- _PROVIDED ENTRIES_
☆ ☆ ☆ ☆ ☆
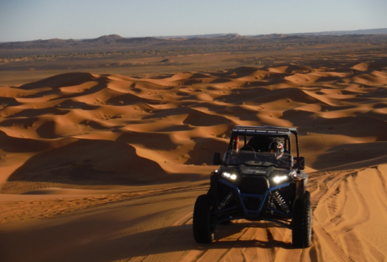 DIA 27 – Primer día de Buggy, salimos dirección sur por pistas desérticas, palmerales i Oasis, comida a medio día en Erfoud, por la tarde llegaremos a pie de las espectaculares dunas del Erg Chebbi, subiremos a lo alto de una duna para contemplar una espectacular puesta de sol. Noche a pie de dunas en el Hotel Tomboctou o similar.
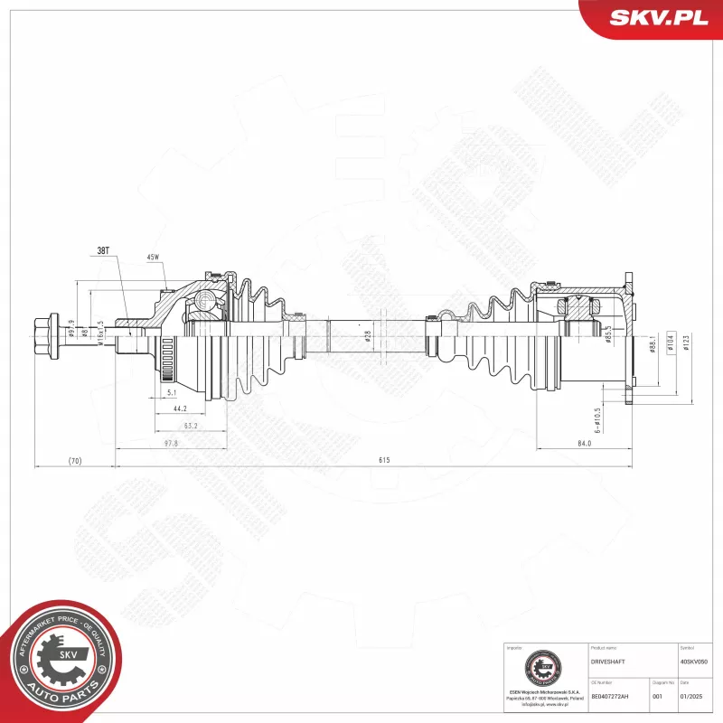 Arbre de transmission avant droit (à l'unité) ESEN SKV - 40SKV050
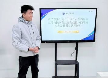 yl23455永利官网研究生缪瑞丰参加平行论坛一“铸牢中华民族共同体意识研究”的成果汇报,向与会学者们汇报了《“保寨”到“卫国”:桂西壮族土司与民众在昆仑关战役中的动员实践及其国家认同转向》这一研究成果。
☆ ☆ ☆ ☆ ☆
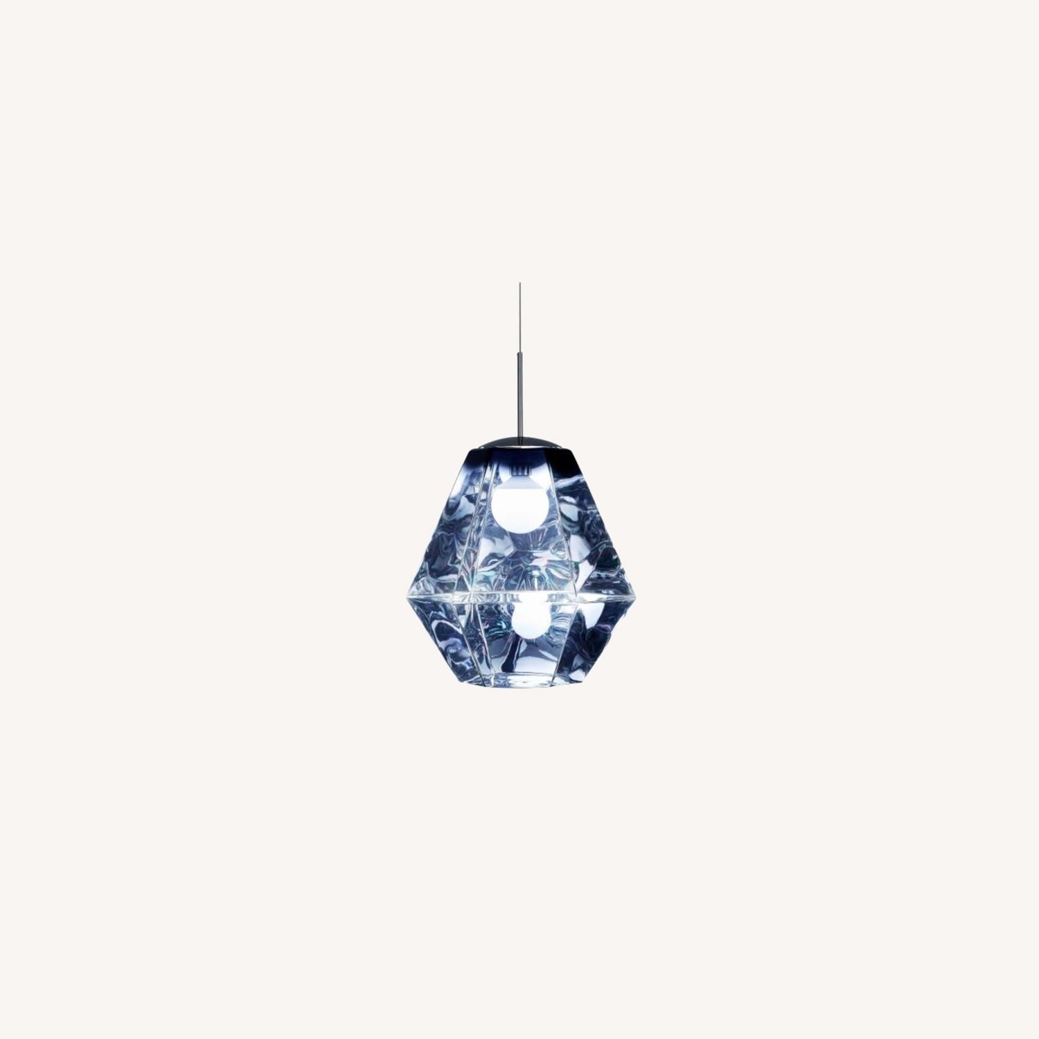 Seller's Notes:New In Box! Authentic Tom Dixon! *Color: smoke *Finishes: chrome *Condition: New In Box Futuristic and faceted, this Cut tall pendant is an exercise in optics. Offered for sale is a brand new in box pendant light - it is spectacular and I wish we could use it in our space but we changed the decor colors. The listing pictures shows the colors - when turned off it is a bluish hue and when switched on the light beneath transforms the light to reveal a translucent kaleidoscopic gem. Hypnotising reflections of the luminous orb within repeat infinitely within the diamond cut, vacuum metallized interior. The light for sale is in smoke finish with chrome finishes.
☆ ☆ ☆ ☆ ☆
- _ABOUT THIS TASK_
Quote the data above exactly from the line with "Arbre de transmission" to the line with "yl23455永利官网研究生", both ends counted, and nothing else. Pictures don't go in.

- _SOLUTION FOR THIS PROBLEM_
 Arbre de transmission avant droit (à l'unité) ESEN SKV - 40SKV050
 yl23455永利官网研究生缪瑞丰参加平行论坛一“铸牢中华民族共同体意识研究”的成果汇报,向与会学者们汇报了《“保寨”到“卫国”:桂西壮族土司与民众在昆仑关战役中的动员实践及其国家认同转向》这一研究成果。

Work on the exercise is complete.